The branching of the flow of visual information into the dorsal (“where?”) and ventral (“what?”) pathways—in other words, into the “action” and “recognition” channels—was first described by Leslie Ungerleider and Mortimer Mishkin, and this hypothesis still provokes disputes among physiologists and scientists studying the phenomenon of vision. It may oversimplify actual processes in the visual cortex. It is based on the discovery that optical illusions such as the Ebbinghaus illusion can distort correct perception, but in cases where the subject responds to a visual stimulus with an action, such as grasping the object seen, the image is perceived without distortion. However, there is a 2005 publication stating that both cortical systems for processing visual information - both the “action channel” and the “recognition channel” - are equally susceptible to illusion deception.
Neurons in the visual cortex generate action potentials when visual stimuli impinge on their receptive fields. The receptive field is defined as the area of the visual field whose stimulation results in the generation of an action potential. But sometimes a neuron can respond better to a particular set of visual stimuli presented within its receptive field. This property is called neuron selectivity. In older visual areas, neuronal selectivity is low. Thus, a neuron in visual area V1 can be excited in response to any vertical stimulus in its receptive field. Neurons of integrative visual areas are characterized by complex selectivity. For example, neurons in the visual integrative area of the superior temporal sulcus (in monkeys) or the ventral surface of the fusiform gyrus at the border between the occipital and temporal lobes (in humans) can be excited only when the receptive field is stimulated by images of faces.
The blood supply to the visual cortex is carried out mainly by the calcarine branch (lat. ramus calcarinus) of the medial occipital artery - a branch of the terminal (cortical) part (lat. pars corticalis) of the posterior cerebral artery (lat. arteria cerebri posterior). The calcarine branch lies in the calcarine groove (lat. sulcus calcarinus, fissura calcarina) of the cerebral cortex.
Secondary area
The term secondary cortex refers to the totality of all associative areas that analyze, decipher and complement the received visual information from the V1 sensory area.

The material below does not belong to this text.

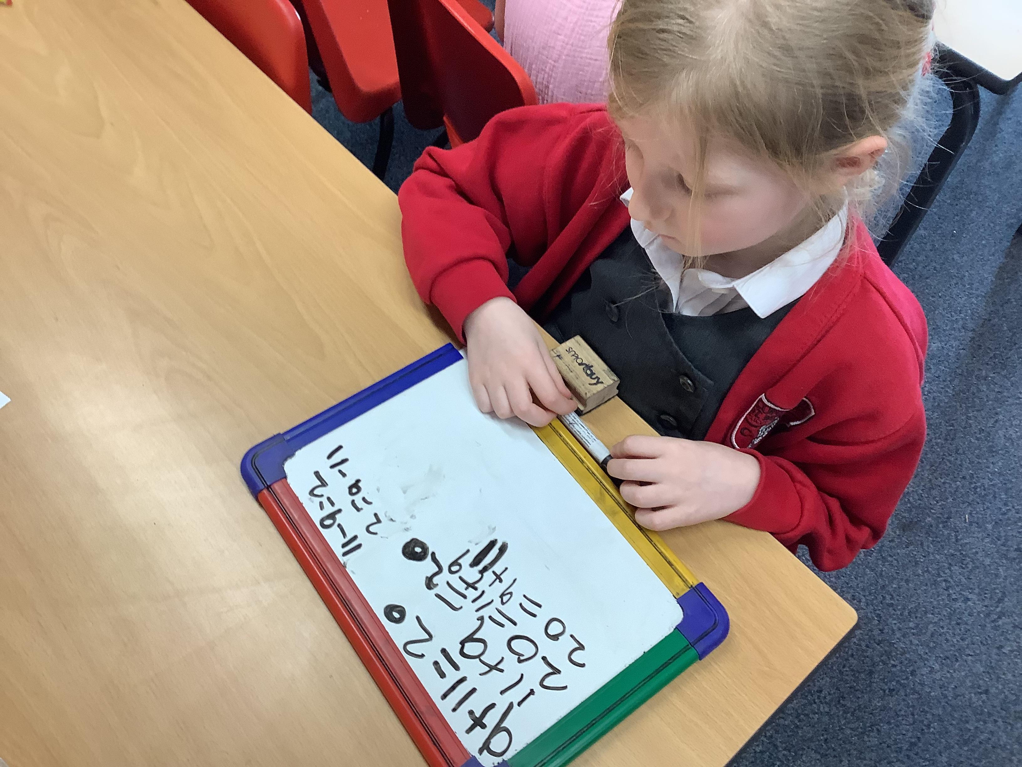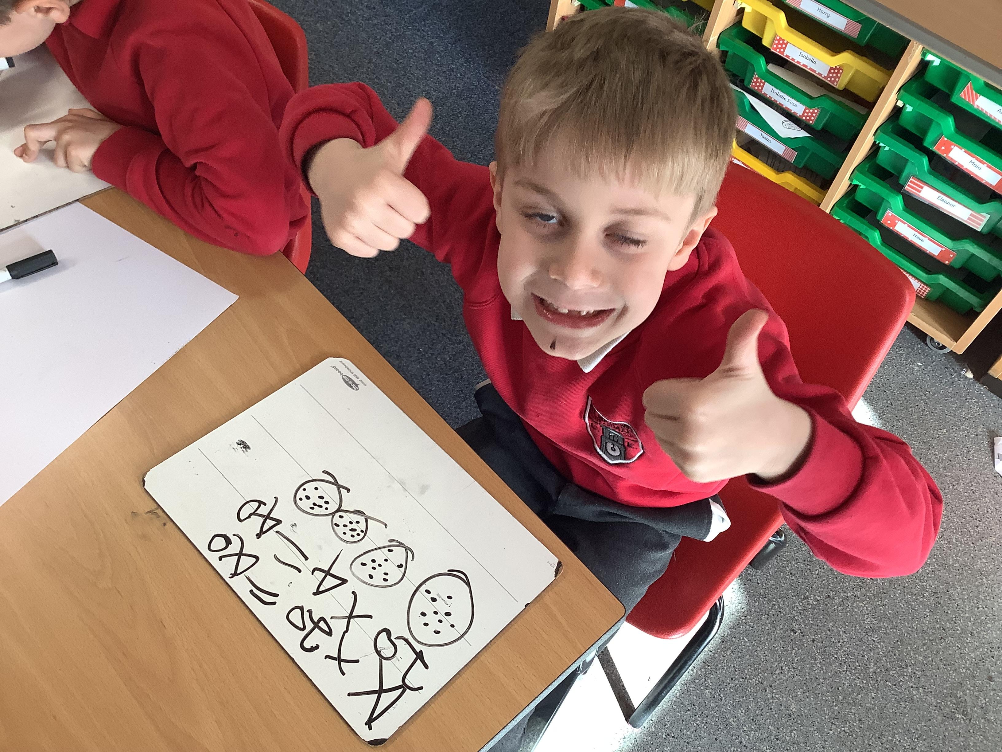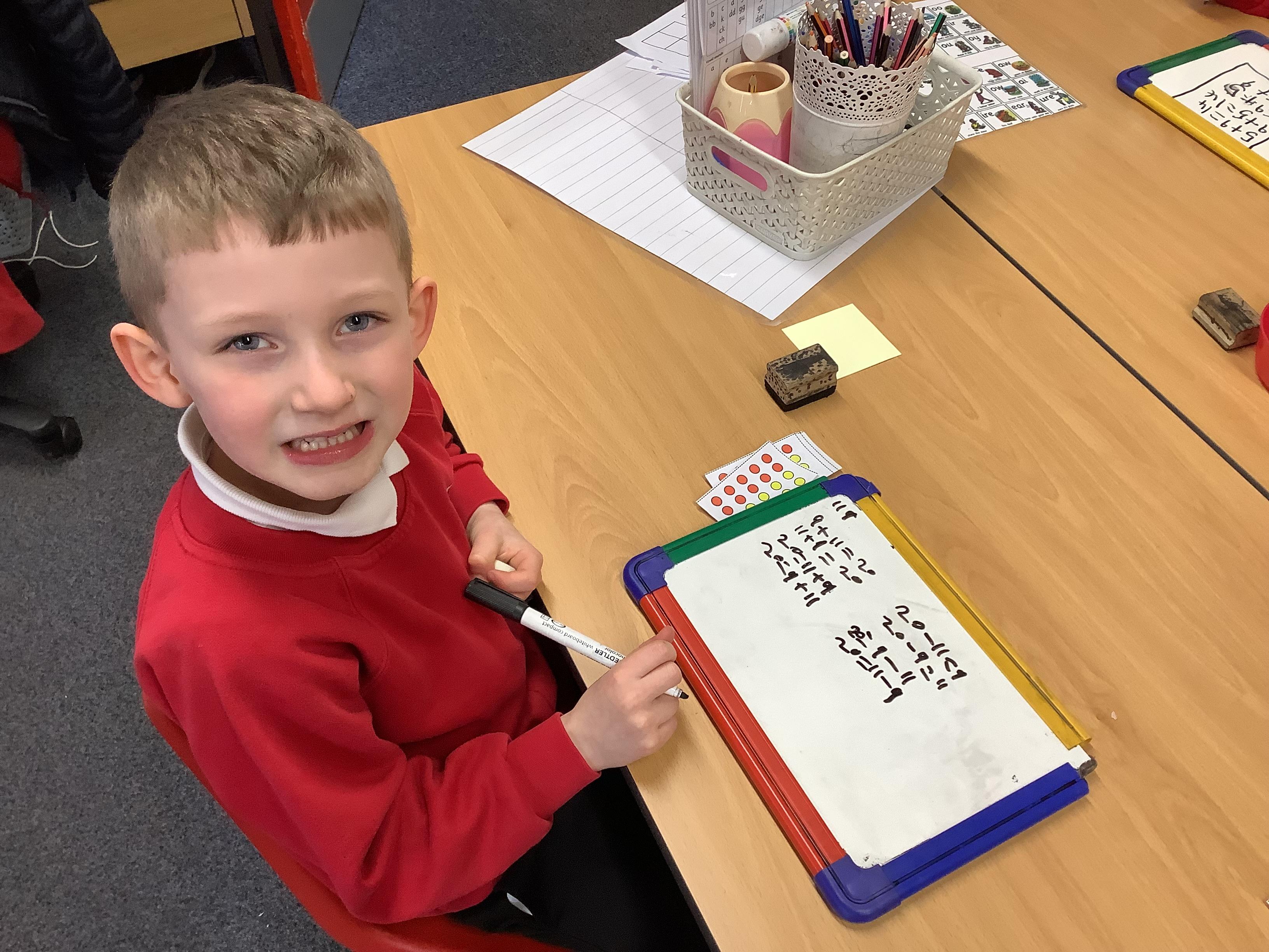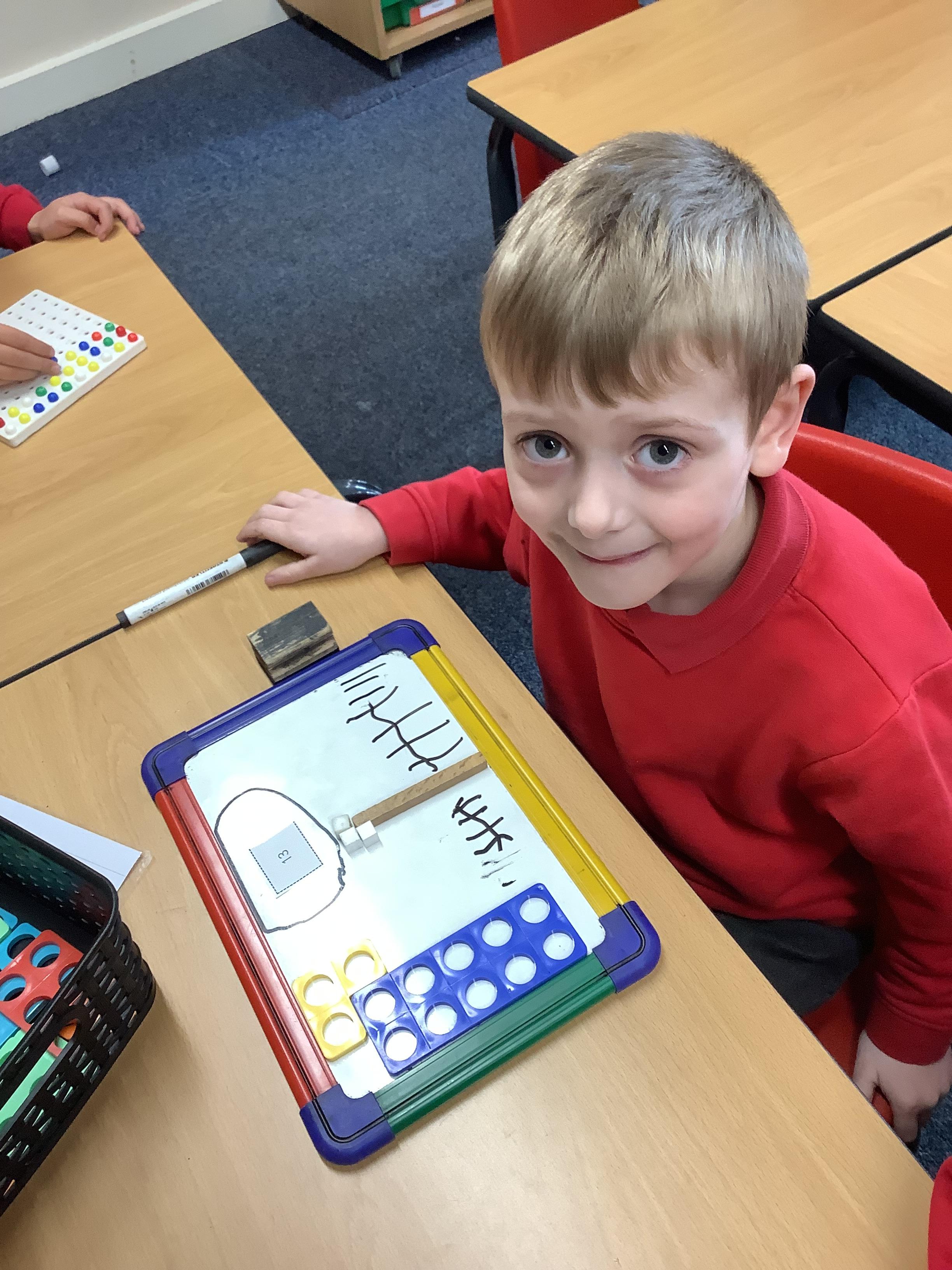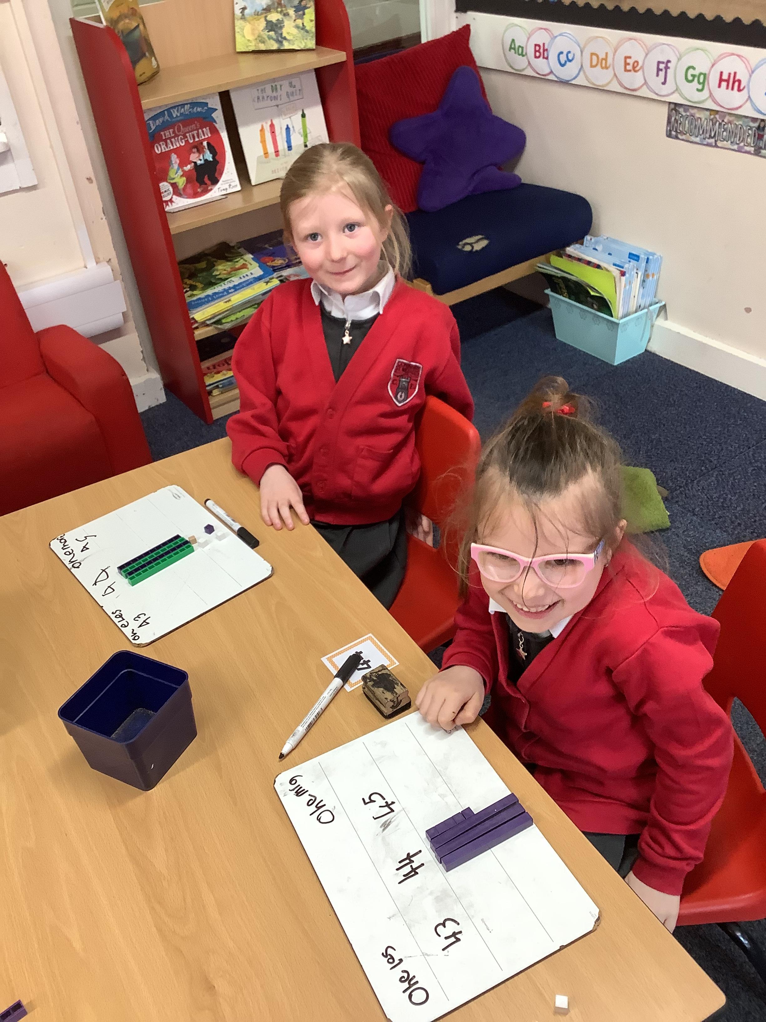 Year 1 in maths we looked at fact families and finding the related facts, so if 4 + 1 = 5 then 1 + 4 = 5 and 5 - 4 =1 and 5 - 1 = 4. We built our number facts on tens frames and then recorded them on whiteboards.

In addition, more distant zones are directly involved in shaping the reaction to the received data.
Processing and analyzing information in these zones is possible due to their structure, which differs from V1 in the presence of a large number of neurons that are capable of performing complex operations. It is worth noting that the further the zone is from V1, the greater the number of complex neurons it contains.
The modern understanding of this area contains the message that there are levels of information integration in it. Following this hypothesis, each zone increases and refines the data passing through it, and the greater the number of them that took part in processing, the more complex and final the images are.

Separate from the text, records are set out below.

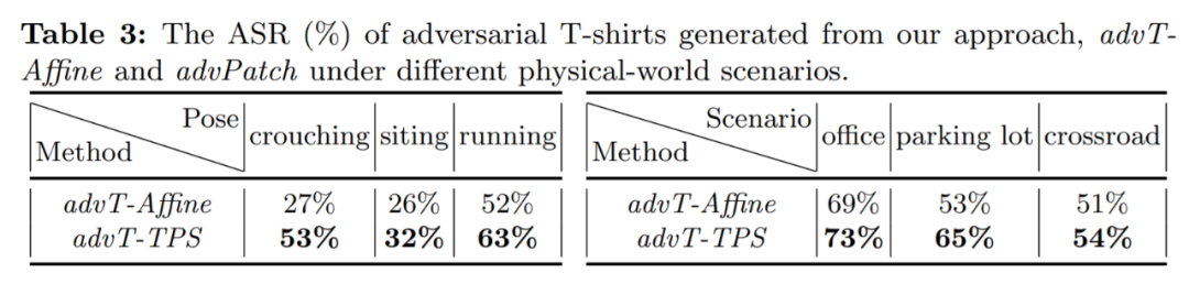 首先,研究者们在数字领域做了基础的比较试验,结果发现相较于非刚性变化—仿射变换,TPS 变化可以将攻击成功率在 YOLOV2 上从 48% 提升到 74%,在 Faster R-CNN 上由 34% 提升到 61%!这证明了对于柔性物体,加入 TPS 变化的必要性。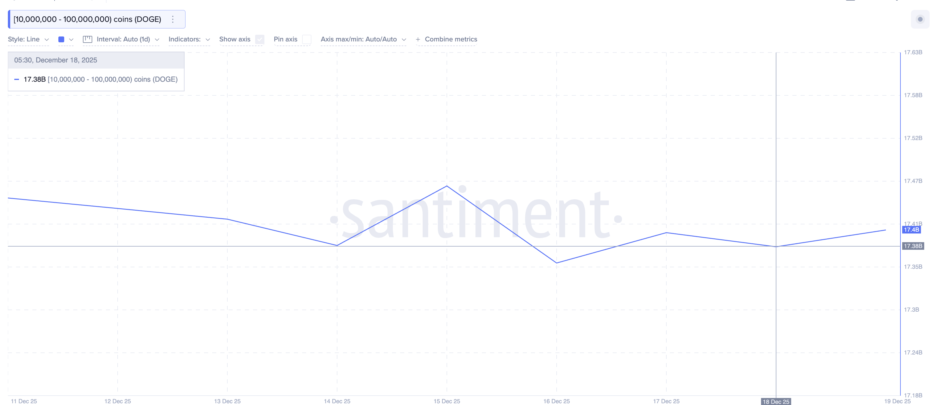 Dogecoin is the largest name on this list per market cap data. Over the past 24 hours, mid-sized Dogecoin whales holding between 10 million and 100 million DOGE increased their combined balance from 17.38 billion to 17.40 billion DOGE. That is an addition of roughly 20 million DOGE.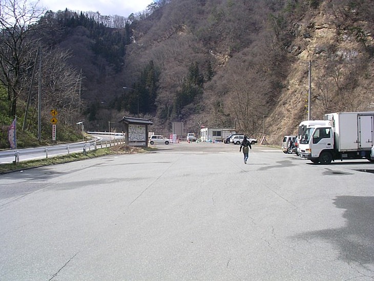 駅舎左側の駐車場は広い。雨が続くと土砂崩れや冠水の多い地域、土木の現場事務所が常設されている。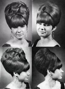 I never did wear the “hive.” That hairdo frightened me more than the Apollo 13 landing. I’d heard tales of horror about bugs burrowing and nesting in the ratted and sprayed coiffures.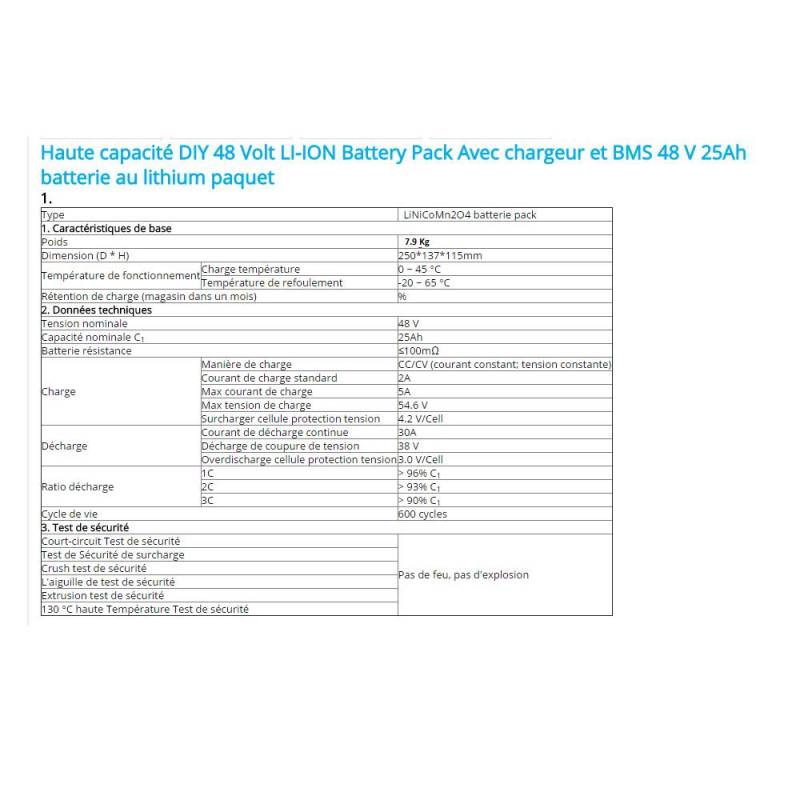 Batterie Lithium-ion pack 48V 25Ah avec BMS intégré et chargeur

In addition, recent studies have shown that a number of axons of neurons in area V2 connect to gaze control centers. This indicates that in the process of analyzing and decoding data, the secondary visual cortex has the ability to supplement it. To do this, she reflexively controls the accommodation of the lenses and the direction of gaze. Also, in addition to reflex control, more distant associative zones can purposefully regulate the position of the gaze and focus attention on the object of visualization.
Along with the enormous efforts expended on the study of associative zones, one of the most famous neurophysiologists believed D. Hubel that all science had not advanced even a couple of percent towards the study of the processes of analysis and processing in the secondary structure of the cortex.